Setting up a self directed IRA with the cash was probably the best thing we did. Somewhere someone said don't do like previous investors did and fall in love with a stock. OK but we did love our original utility so the flexibility this offered was apart from that. Buying opportunity like in 2009 when portfolios went down the drain saw G E at a little over $6.00 a share leaving some cash buying 9000 shares was risky at our age but G E is a good company. Pretty static at around $30.00 a share long term capital gains we sold in Dec. of 2015. That boosted the cash account enough to risk again in late Jan. 2016 to buy 10,000 shares of a startup called TLN at a little over $6.00 a share. No dividend so capital gain is where we are on that one. That is pretty static now at about $14.00 a share so looks like Jan. 2017 will be time to sell and wait out the rise in the stock market. We both have diversified portfolios and both have survivor transfer of accounts to each other. Then when both of us are gone equal distribution of whatever remains to our sons. That should be smooth since they too have accounts set up with the same financial institution. Using real stock examples isn't my way of promoting anything. It's so that real examples can be looked at and researched to see how that can work. And yes we are old school and don't waste money on trying to impress people. 


This is a seniors board so I suspect a lot are past being able to begin now with a long term outlook. But if having children and being concerned for their future is real. Then maybe knowing that beginning early and not fearing the stock market as a way to fund retirement when soc. sec. may not be enough is possible for the average  everyday high school graduate. Of couse they would have to spend some time doing quality research instead of spending time on facebook or any other social media source of bad info.


----------



## Aunt Bea (Dec 16, 2016)

I agree that achieving financial security is pretty simple if you start young and as you say slow and steady isn't exciting but it works.  
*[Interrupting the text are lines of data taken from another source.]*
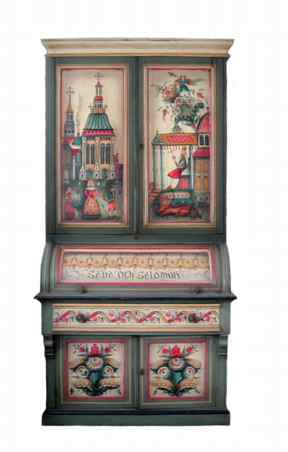Two highlights of the show are pieces that Ralph Cahoon decorated with elaborate designs based on Swedish wall hangings. In one case, the main panels on a Victorian walnut secretary illustrate the biblical story of King Solomon and the Queen of Sheba. In the second, images on a 6-foot-long pine dowry chest exuberantly tell the tale of the Prodigal Son.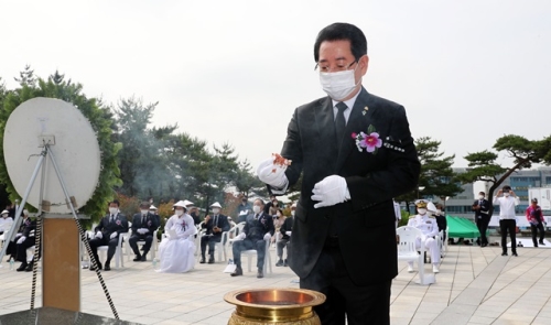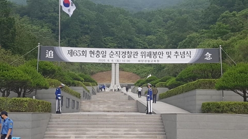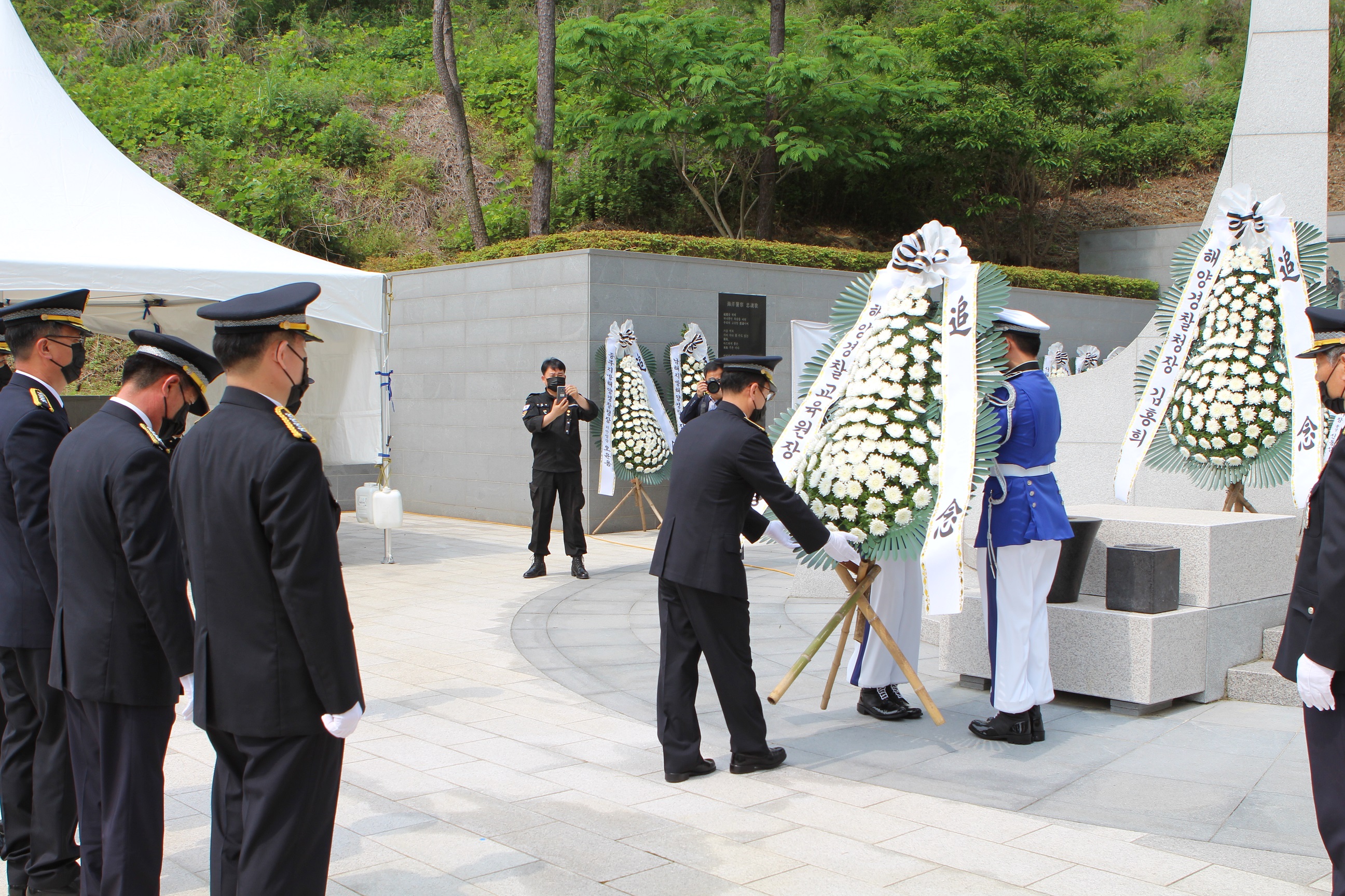 한편, 해양경찰교육원은 최근 수도권에서 불거진 코로나19 확산 방지를 위해 마스크 착용과 발열검사, 간격 두고 앉기 등 감염병 예방 수칙을 준수하며 추념식 행사를 진행했다.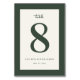 This wedding table card features a minimalist and elegant design with a large, bold number "8" at the center, set against a cream background. The deep forest green color palette adds sophistication, while the clean layout emphasizes simplicity and balance. The typography combines a cursive font for "table" and a modern sans-serif for names and date, creating an understated yet refined aesthetic perfect for formal occasions. Ideal for weddings, this card conveys a calm and composed mood through its restrained use of color and uncluttered arrangement.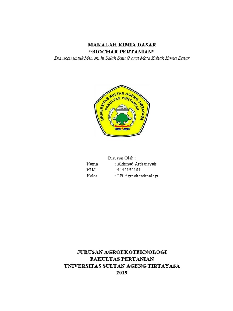 Diajukan untuk Memenuhi Salah Satu Syarat Mata Kuliah Kimia Dasar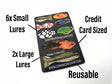 Grim's Lure Card was designed to be a low weight, highly efficient space saving lure set. This card comes with several lures in various shapes, sizes, and colors, and all stored perfectly flat, in a housing system the size of a standard credit card. This Lure Card has been used in the frigid waters of the Canadian Rockies, all the way to the 100+ degree temperatures found far to the south in Texas. Grim's lure card has caught fish both large and small, and is the perfect addition to any camping, hiking, or survival fishing kit, or just to keep a few on hand as backup lures for your regular fishing kit. as with all of our tools with removable parts, Grim's Lure Card is reusable, thanks to our custom designed tool retention system.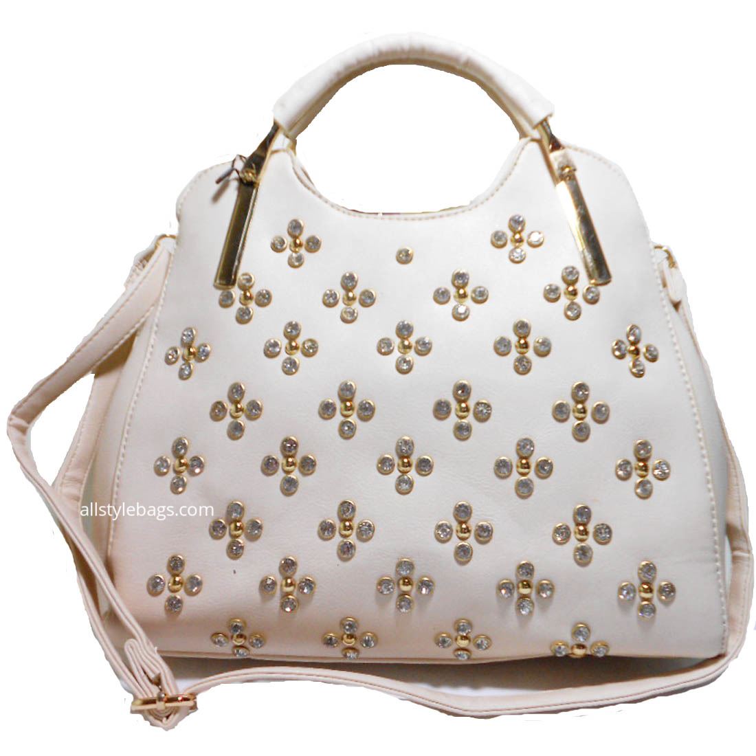 Designer LOEM Rhinestone Studded polka flora Shoulder bag handbag Tote
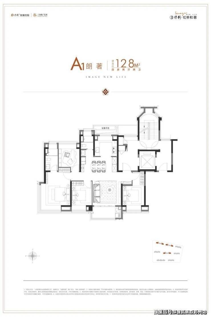 保利虹桥和著加推社区中心7号楼楼王10单元128㎡户型,及14号楼14单元104㎡户型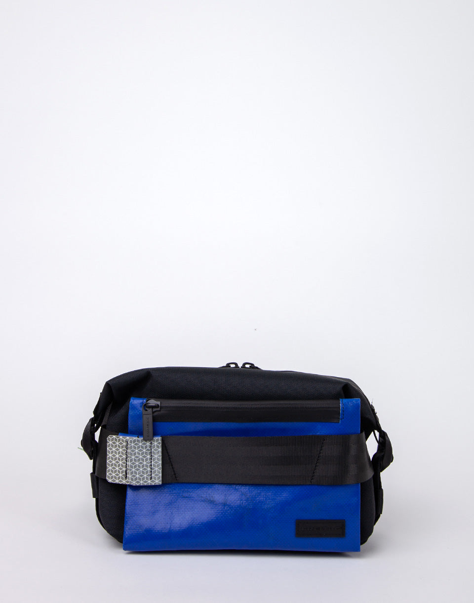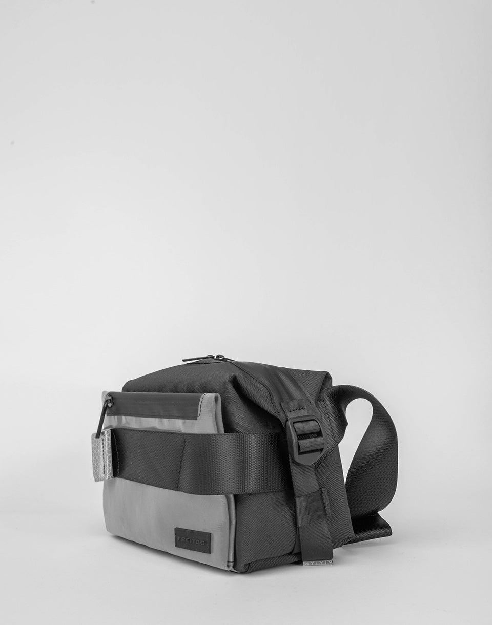 Freitag F670 Warren - sac à bandoulière réfléchissant et unique avec bandoulière réglable, qui peut être porté comme un rein plus grand. Il est fabriqué à partir de bouteilles d'animaux recyclées et avec des parties de voiles de camion à la retraite, y compris des marques de réflexion recyclées.

Another thing that helps is to have a financial role model or two, when you are young, that you can observe and emulate.  I think we really drop the ball in our public education system and at home by not spending more time on basic life skills.  I think most people would rather have an uncomfortable conversation with their kids about sex than they would about money and financial planning.
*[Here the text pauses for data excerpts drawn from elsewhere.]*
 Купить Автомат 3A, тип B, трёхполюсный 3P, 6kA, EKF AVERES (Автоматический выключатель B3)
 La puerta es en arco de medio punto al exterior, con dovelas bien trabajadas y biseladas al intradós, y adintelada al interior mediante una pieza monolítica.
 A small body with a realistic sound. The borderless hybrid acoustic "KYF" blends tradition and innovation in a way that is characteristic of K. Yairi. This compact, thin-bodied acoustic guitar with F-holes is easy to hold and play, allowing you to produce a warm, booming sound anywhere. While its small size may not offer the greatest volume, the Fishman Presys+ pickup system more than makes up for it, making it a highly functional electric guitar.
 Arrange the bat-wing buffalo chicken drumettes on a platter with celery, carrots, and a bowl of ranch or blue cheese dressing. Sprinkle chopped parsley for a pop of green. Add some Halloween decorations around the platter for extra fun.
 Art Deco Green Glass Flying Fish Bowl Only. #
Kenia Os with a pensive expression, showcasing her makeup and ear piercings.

I started with payroll savings when I got my first real job in 1974 and kept increasing the amount as raises came along.  When I built up some cash I began to invest in a variety of mutual funds and reinvested the dividends and capital gains.  Along came the 401K and I contributed to that, then the IRA and I contributed to that.  The most important thing of all was that original payroll savings deduction and the idea of paying myself first.  The knowledge of investing, taxes, etc... came as the amounts of savings and investments grew.  All of these things combined allowed me to stop working at the age of fifty and to weather the financial crisis of 2008 without losing much sleep.

I think that all people should manage their finances as though they were the CEO of a small business, always attempt to end the year with a small surplus or small profit if you will.  Understand the difference between needs and wants, the difference between good debt and bad debt, etc...

I have always enjoyed Mr Micawber's recipe for happiness. - _"Annual income twenty pounds, annual expenditure nineteen [pounds]    nineteen [shillings] and six [pence], result happiness. Annual income twenty    pounds, annual expenditure twenty pounds ought and six, result misery." 

_I understand that things don't always go according to plan and life has a way of throwing us curves that may prevent a person from achieving financial security but it has been my observation over the years that most people find the money and time to do the things that are important to them.  I also understand that by the time a person is eligible for Social Security this topic is of little or no value.

About all we can do is tell the younger folks to save their money!


----------



## Don M. (Dec 16, 2016)

If SS funds had been fully invested in the Stock Market back in the 1940's, that fund would probably have a worth in the Trillions, today....and offering COLA's that outstrip inflation.  Today, there are so many people dependent upon SS, and the fund is so small, that it could not withstand any major downturn in the Markets for any length of time.  That "Golden Opportunity" slipped through the governments fingers, decades ago.  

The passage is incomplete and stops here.